## EXERCISE DESCRIPTION
Transcribe the listing word for word, beginning at its first line and ending at the line containing "304 STAINLESS STEEL CONSTRUCTION: Built"; omit the pictures.
--
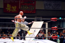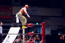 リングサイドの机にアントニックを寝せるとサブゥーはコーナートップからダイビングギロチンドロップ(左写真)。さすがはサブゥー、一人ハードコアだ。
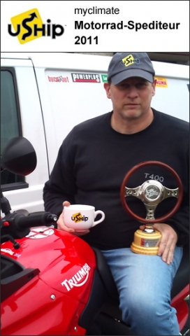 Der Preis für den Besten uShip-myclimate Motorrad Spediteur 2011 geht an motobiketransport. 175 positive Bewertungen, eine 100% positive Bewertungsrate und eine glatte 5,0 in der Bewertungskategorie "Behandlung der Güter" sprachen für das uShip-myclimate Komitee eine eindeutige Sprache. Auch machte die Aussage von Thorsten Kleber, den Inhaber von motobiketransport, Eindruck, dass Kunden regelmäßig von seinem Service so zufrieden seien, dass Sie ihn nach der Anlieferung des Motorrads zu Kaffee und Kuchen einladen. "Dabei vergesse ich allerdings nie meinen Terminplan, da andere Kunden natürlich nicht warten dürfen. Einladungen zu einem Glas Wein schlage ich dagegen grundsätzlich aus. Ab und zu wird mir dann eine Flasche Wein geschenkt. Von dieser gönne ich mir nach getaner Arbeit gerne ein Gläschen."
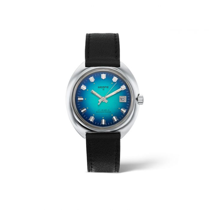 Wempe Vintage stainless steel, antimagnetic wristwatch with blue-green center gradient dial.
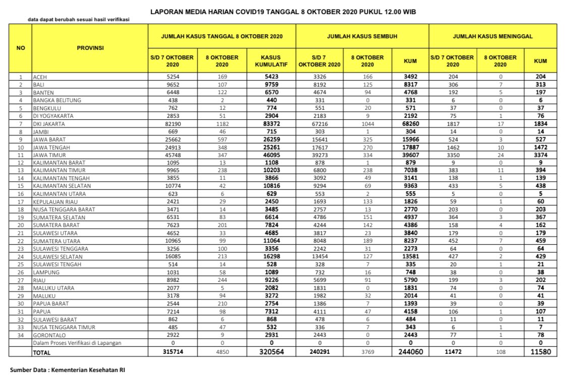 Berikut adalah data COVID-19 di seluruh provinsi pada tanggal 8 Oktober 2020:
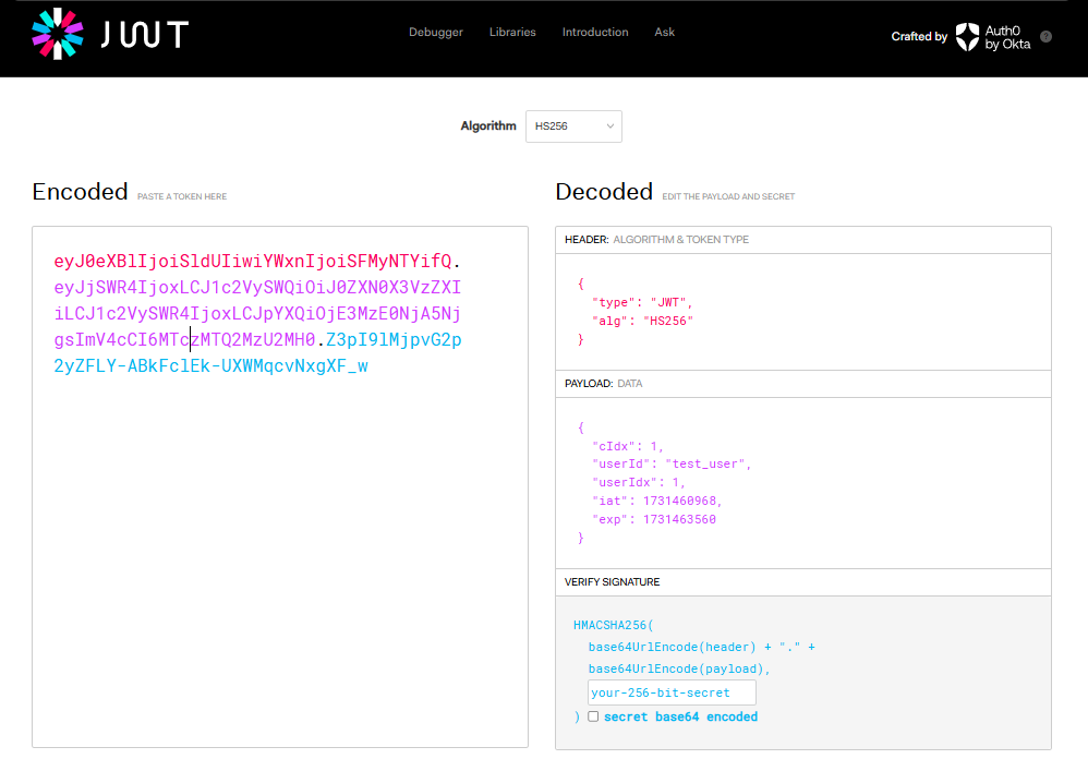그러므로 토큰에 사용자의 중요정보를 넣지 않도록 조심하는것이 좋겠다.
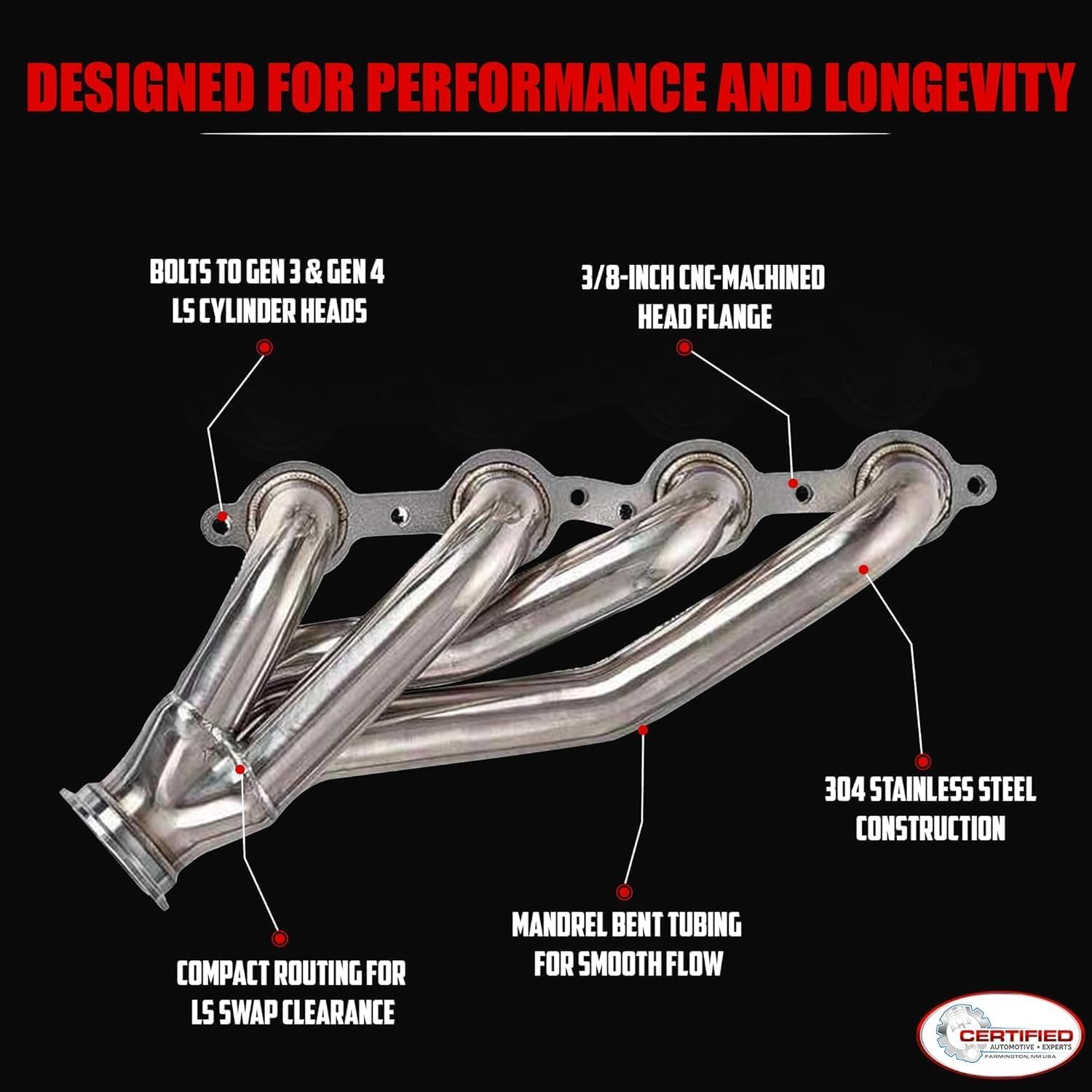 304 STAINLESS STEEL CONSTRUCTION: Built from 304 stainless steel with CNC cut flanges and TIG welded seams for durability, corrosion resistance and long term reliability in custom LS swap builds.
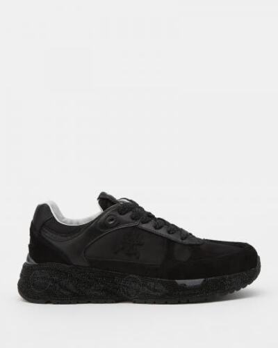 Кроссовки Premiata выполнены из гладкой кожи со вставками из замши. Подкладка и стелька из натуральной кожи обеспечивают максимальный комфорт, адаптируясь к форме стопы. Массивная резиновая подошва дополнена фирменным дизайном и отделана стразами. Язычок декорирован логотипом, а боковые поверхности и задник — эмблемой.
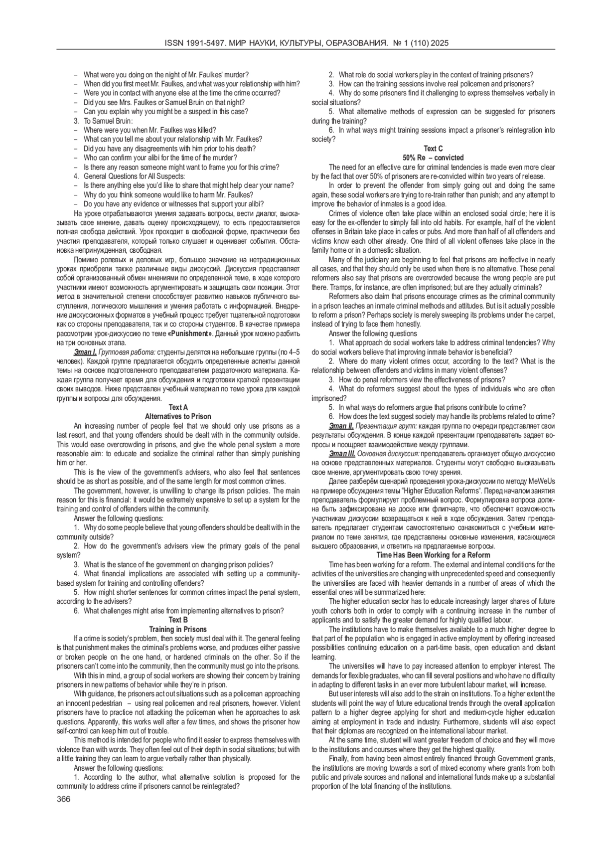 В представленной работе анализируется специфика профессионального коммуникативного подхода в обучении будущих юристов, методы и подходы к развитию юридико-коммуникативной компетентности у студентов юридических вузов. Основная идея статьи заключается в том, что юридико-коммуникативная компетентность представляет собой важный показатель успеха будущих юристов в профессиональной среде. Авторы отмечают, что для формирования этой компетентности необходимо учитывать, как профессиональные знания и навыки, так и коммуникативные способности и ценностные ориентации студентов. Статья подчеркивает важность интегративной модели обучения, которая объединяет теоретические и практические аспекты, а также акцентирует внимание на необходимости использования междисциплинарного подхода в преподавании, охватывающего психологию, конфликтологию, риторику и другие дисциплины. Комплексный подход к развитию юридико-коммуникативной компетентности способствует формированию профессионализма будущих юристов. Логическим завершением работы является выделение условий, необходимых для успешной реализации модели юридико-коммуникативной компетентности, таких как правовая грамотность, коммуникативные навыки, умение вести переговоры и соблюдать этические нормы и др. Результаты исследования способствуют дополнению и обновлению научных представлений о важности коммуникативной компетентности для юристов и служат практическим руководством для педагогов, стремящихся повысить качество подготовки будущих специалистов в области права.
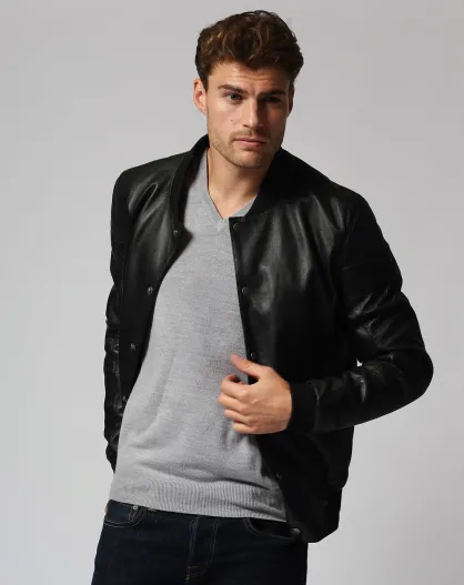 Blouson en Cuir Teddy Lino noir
--
## SOLUTION TO THIS PROBLEM
 リングサイドの机にアントニックを寝せるとサブゥーはコーナートップからダイビングギロチンドロップ(左写真)。さすがはサブゥー、一人ハードコアだ。
 Der Preis für den Besten uShip-myclimate Motorrad Spediteur 2011 geht an motobiketransport. 175 positive Bewertungen, eine 100% positive Bewertungsrate und eine glatte 5,0 in der Bewertungskategorie "Behandlung der Güter" sprachen für das uShip-myclimate Komitee eine eindeutige Sprache. Auch machte die Aussage von Thorsten Kleber, den Inhaber von motobiketransport, Eindruck, dass Kunden regelmäßig von seinem Service so zufrieden seien, dass Sie ihn nach der Anlieferung des Motorrads zu Kaffee und Kuchen einladen. "Dabei vergesse ich allerdings nie meinen Terminplan, da andere Kunden natürlich nicht warten dürfen. Einladungen zu einem Glas Wein schlage ich dagegen grundsätzlich aus. Ab und zu wird mir dann eine Flasche Wein geschenkt. Von dieser gönne ich mir nach getaner Arbeit gerne ein Gläschen."
 Wempe Vintage stainless steel, antimagnetic wristwatch with blue-green center gradient dial.
 Berikut adalah data COVID-19 di seluruh provinsi pada tanggal 8 Oktober 2020:
그러므로 토큰에 사용자의 중요정보를 넣지 않도록 조심하는것이 좋겠다.
 304 STAINLESS STEEL CONSTRUCTION: Built from 304 stainless steel with CNC cut flanges and TIG welded seams for durability, corrosion resistance and long term reliability in custom LS swap builds.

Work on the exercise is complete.